EVALUATING THE CARTOGRAPHIC CAPABILITY OF ASTER AND RADARSAT
IMAGERY FOR MONITORING SOIL EROSION INDICATORS IN THE ARGENTINEAN
Blanco1, G. Metternicht2, H.
1 - National Patagonic Center (CENPAT-CONICET), Puerto
2 - Department of Spatial Sciences, Curtin
Soil erosion is a key factor contributing to land degradation processes worldwide. Recent reports of the United Nations Environmental Programme mention that around 2 billion ha of soil, equal to 15 per cent of the Earth’s land cover or an area bigger than the United States and Mexico combined, is now classed as degraded as a result of human activities.
About one-sixth of world’s degraded land is classed as strongly or extremely degraded, making efforts for their restoration largely ineffective. The adoption of measures to remediate or decrease land degradation require access to up-to-date spatial information on the intensity, rate and spatial distribution of soil erosion processes, to curb degradation trends and secure sustainable land use and management. Multi-sensor optical and microwave remote sensing can contribute significantly to map patterns of surface features related to wind erosion at regional level.
Areas like the Peninsula Valdes (southern Argentina), declared a UNESCO World Heritage site in 1999, are subject soil degradation by wind and overgrazing. Mapping and monitoring the presence of landscape erosion indicators such as stabilized and active dunes is crucial to improve prediction, monitoring and planning of areas threatened by sand encroachment. To this end, this paper investigates and compares the contribution of optical sensors like the Terra-ASTER and the microwave Radarsat ASAR to the discrimination of these land degradation features. Furthermore, an evaluation is undertaken to compare the classification accuracy achieved by specific regions of the spectrum (e.g. optical or microwave), and their synergistic use in an object oriented fashion.

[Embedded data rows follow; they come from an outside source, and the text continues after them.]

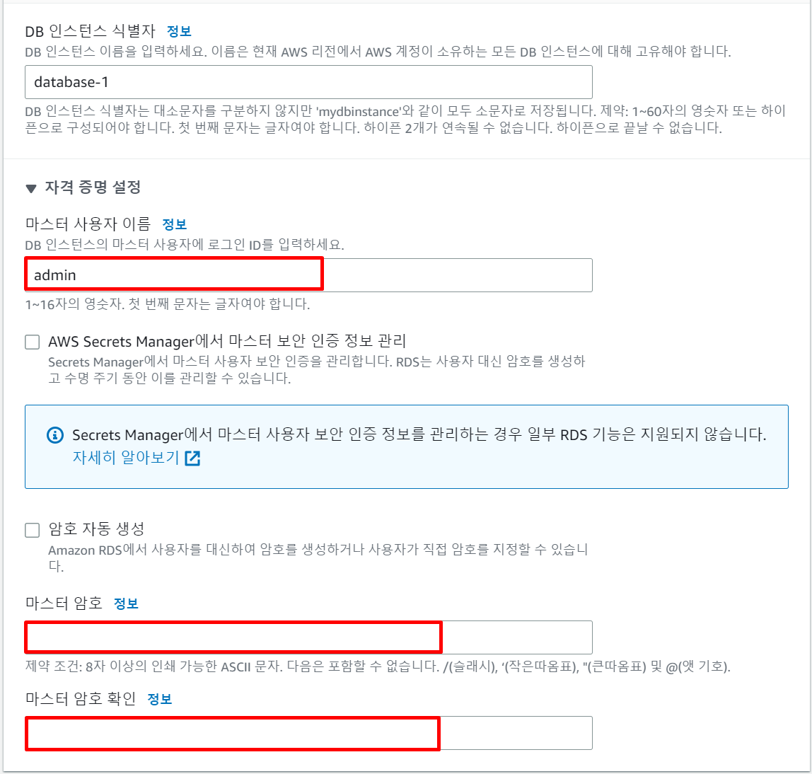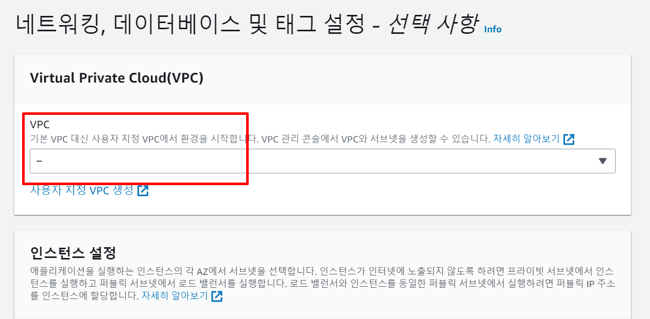 기존 서비스 역할과 EC2 인스턴스 프로파일, 키페어 선택.
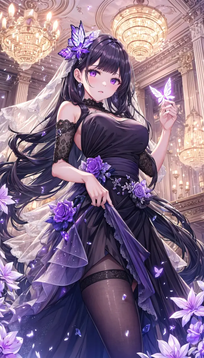 (solo), (1girl), standing, fatness, Black hair, long hair, straight hair, (asymmetrical bangs:1.3), hair_over_breasts, *//*, light purple eyes, *//*, Long light_purple dress<(flowers:0.8)>, Silk stockings,
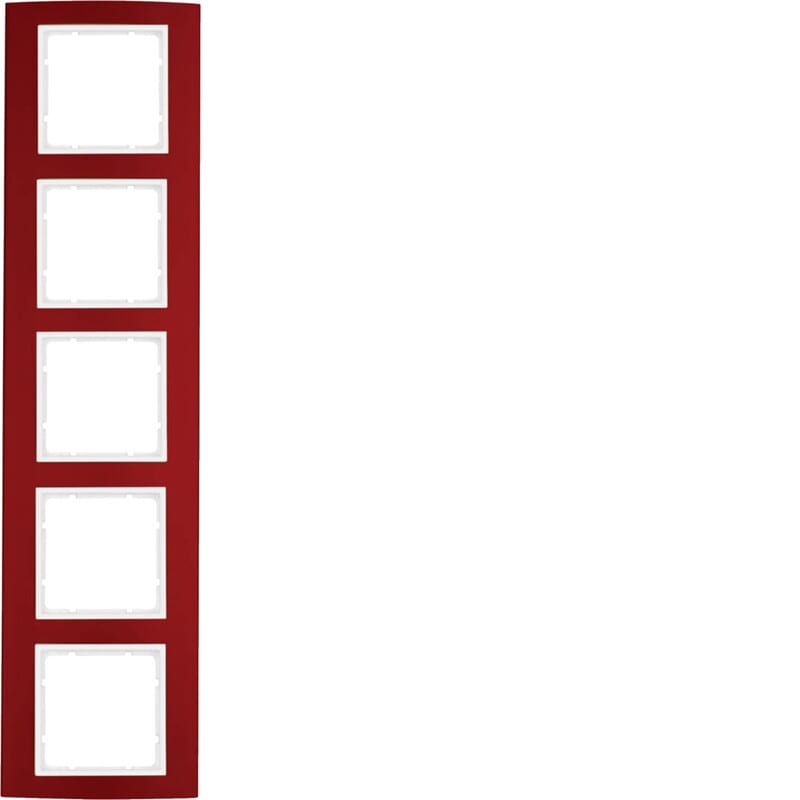 Peitelevy Hager B.3 5os. 81mm punainen-Al/puhtaanvalkoinen Peitelevy Berker B.3, 5-osainen. Pintamateriaali punaiseksi anodisoidusta alumiinista ja puhtaanvalkoinen pohjalevy halogeenittomasta thermoplast-muovista. Käyttö Berker S.1 -kalustesarjan valkoisella 55x55 keskiölevyllä varustettujen kojeiden kanssa.

The research approach encompasses:
a) Identification of landscape features related to the presence of active and stabilised dunes. Two vegetation types are considered as dune stabilisers: scrub and grass;
b) Calibration and georeferencing of the Terra ASTER imagery, including the computation of spectral indices and principal component analysis for the removal of redundant spectral information;
c) Despeckle and georeferencing of a precision mode Radarsat imagery;
d) Creation of a geo-spatial soil database to store field observations and spectral characteristics of wind-erosion related features in the optical and microwave regions of the spectrum;
e) Selection of textural measures based on the grey level co-occurrence matrix that best characterise patterns of stabilised and active dunes in the Radarsat ASAR imagery. Extraction of Radarsat derived textural measures;
f) Segmentation and object-oriented classification of the selected imagery using eCognition. This step requires the definition of proper fuzzy membership functions for characterising stabilised and active dunes, as well as main vegetation classes of the study area.
g) Accuracy evaluation of the spectral ASTER data, the ‘textural’ Radarsat ASAR data and combined spectral and textural data provided by ASTER and Radarsat data sets using an error matrix and Kappa statistics.
Initial results suggest an improvement in the classification of active dunes and stabilised dunes (vegetated by either scrub or grass) is achieved by using an object oriented classification that integrates textural information derived from microwave imagery and optical/IR data from Terra-ASTER. It appears that changes in surface roughness caused by different vegetation types stabilising the dunes is a major influence in radar backscattering. For instance, Radarsat imagery enables a clear separation of long and narrow dunes stabilised by scrub against those stabilised by grass, the former showing a higher classification accuracy. On the other hand, ASTER optical and infrared wavebands show superior performance in the cartography of grass-stabilised dunes. It appears that the synergistic use of microwave, optical and infrared data increases substantially the accuracy in the discrimination and mapping of soil degradation features related to wind erosion.